# Specification that led to the Spitfire



## buffnut453 (Feb 19, 2020)

Does anyone have a digital version of the actual Air Ministry specification that resulted in the Spitfire?

Any help would be much appreciated.


----------



## Snowygrouch (Feb 20, 2020)

buffnut453 said:


> Does anyone have a digital version of the actual Air Ministry specification that resulted in the Spitfire?
> 
> Any help would be much appreciated.



AIR 2/2824 from Kew National Archives in London.

AIRCRAFT: Fighter (Code B, 5/6): Spitfire single-day and night fighter: specification... | The National Archives

Dont order it from them, they charge a fortune - I recommend you use Lee Richards to go and photograph it for you. He is very good, very fast and price is good; lee is at that
archive nearly every week.

Archive Research - www.arcre.com

My own copy is only a small fraction of it, because some of it was irrelevant to my book.


----------



## buffnut453 (Feb 20, 2020)

Snowygrouch said:


> AIR 2/2824 from Kew National Archives in London.
> 
> AIRCRAFT: Fighter (Code B, 5/6): Spitfire single-day and night fighter: specification... | The National Archives
> 
> ...



Thanks Calum. I was hoping to avoid having to visit Kew because it's rather more than a day trip for me. However, if that's the only route, then I'll have to plan for it.

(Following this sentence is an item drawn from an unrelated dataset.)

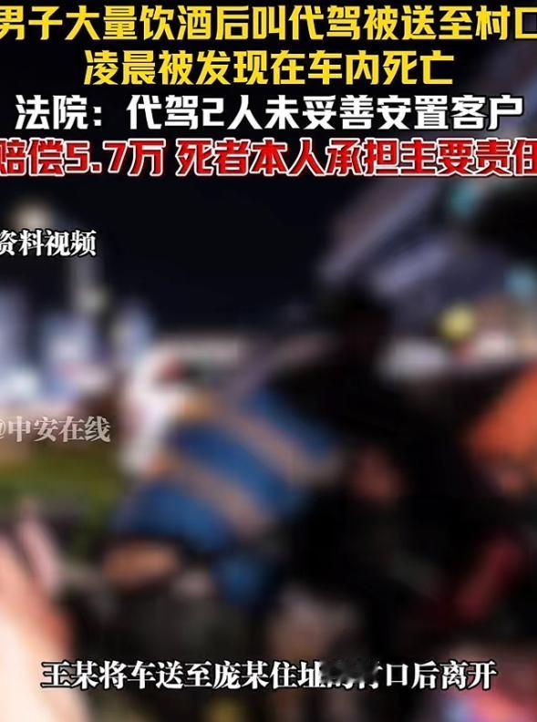 “冤不冤?”河南,一男子喝了不少酒,叫了2个代驾,代驾将男子送到村口后离开,岂料,第二天,男子被发现死在了车里,男子家属悲痛万分,认为是代驾没送到家所致,要求对方赔偿30万,而法院这样判! - 2025年10月12日晚,河南某县城,庞晨东喝完酒叫了代驾,他觉得自己安全了,因为代驾师傅马上就到。 没想到平台派来了两个人,崔海涛带着徒弟王小川赶到现场,崔某让王某开车,庞晨东在后座已经睡得死沉了。 车子一路开到了庞晨东居住的村子口,王小川停下车以后,发现庞晨东醉得像泥,他怎么喊都喊不醒后座上的客。 王小川不知道庞晨东的具体住址,他只能给师傅崔海涛打了一个电话,两人站在深夜路边,商量着接下来该怎么办。 可能是急着去接下一单,也可能是觉得庞晨东睡一会儿就能醒,这两个成年人,竟然选择直接丢下这个乘客走了。 他们没把庞晨东叫醒,也没通知家属或者报警,而是若无其事地继续去跑单,任由这个醉汉独自留在密封车里。 第二天清晨,村民在车里发现了庞晨东,可他已经没有了呼吸,死者家属得知后瞬间崩溃,完全无法接受这结果。 明明花钱叫了代驾,为什么人还会死在村口路边,家属决定起诉索赔,向两位代驾要三十万,理由是严重失职。 经过法院开庭审理,判决结果让不少人感到意外,两位代驾合计担责百分之六,也就是赔偿家属五万七千多元钱。 而去世的庞晨东自己,要承担百分之九十四的主要责任,这个比例划分,在网络上引起了极其巨大的争议讨论。 为什么要这么判决,法官解释,庞晨东作为成年人,过度饮酒导致神志不清,主要责任确实应该由他自己承担。 法律不保护把自己喝到丧失自救能力的人,但判代驾赔钱,是基于附随义务,这是一种合同之外的安全保护。 代驾服务,不只是把车开到目的地,当乘客处于危险状态时,服务者应履行。最低限度的这种保护生命的安全义务。 庞晨东当时叫不醒,这说明他失去了自救能力,代驾作为专业服务人员,把他扔在深夜的路边属于制造了风险。 如果当时能多等一会儿,或者哪怕给家属报个信,悲剧可能就不会发生,他们为了挣钱,选择了冷漠地离开。 百分之六的赔偿比例,给服务行业划出了一条良知的红线,它告诉我们,契约虽然是冷的,但手应该是暖和的。 这起案件给所有人提了个醒,效率固然重要,但面对特殊的客户,请不要吝啬那点时间,那关乎着这一条人命。 契约可以是有温度的,哪怕只是多打一个电话,这种微小的善意,可能就是这个深夜里。唯一的那个救命稻草。

Do you have a sense for the number of pages that constitute the specification?

Many thanks,
Mark


----------



## Snowygrouch (Feb 20, 2020)

buffnut453 said:


> Thanks Calum. I was hoping to avoid having to visit Kew because it's rather more than a day trip for me. However, if that's the only route, then I'll have to plan for it.
> 
> Do you have a sense for the number of pages that constitute the specification?
> 
> ...



Just get Lee to copy it for you, its an online ordering system and the cost will be tiny in comparison to visiting yourself. I would have though that 
Lee would charge you less than £30 for copying it (very approximate).


----------